Problem requirements: Copy out the listing in full, exactly as written, but not its pictures.

Input data:
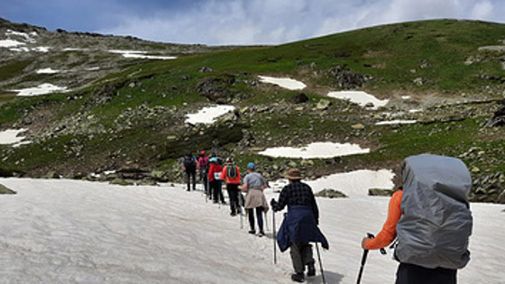 Группа под ее руководством идет совершать восхождение на гору Надежда (3 355 м) — здесь туристам уже нужны не только выносливость и готовность преодолевать трудности, но и специальное снаряжение для ходьбы по снежному рельефу — ледорубы, альпинистские "кошки" и веревки.
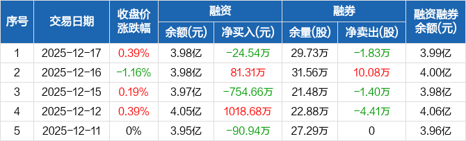 浙能电力:融资净偿还24.54万元,融资余额3.98亿元(12-17)
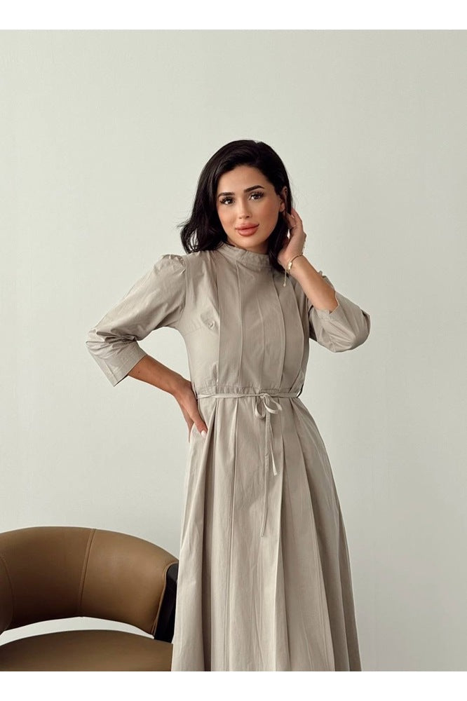 Kadın Pile Detaylı Uzun Boy Kuşaklı Özel Gün Günlük Elbise

Exercise answer:
 Группа под ее руководством идет совершать восхождение на гору Надежда (3 355 м) — здесь туристам уже нужны не только выносливость и готовность преодолевать трудности, но и специальное снаряжение для ходьбы по снежному рельефу — ледорубы, альпинистские "кошки" и веревки.
 浙能电力:融资净偿还24.54万元,融资余额3.98亿元(12-17)
 Kadın Pile Detaylı Uzun Boy Kuşaklı Özel Gün Günlük Elbise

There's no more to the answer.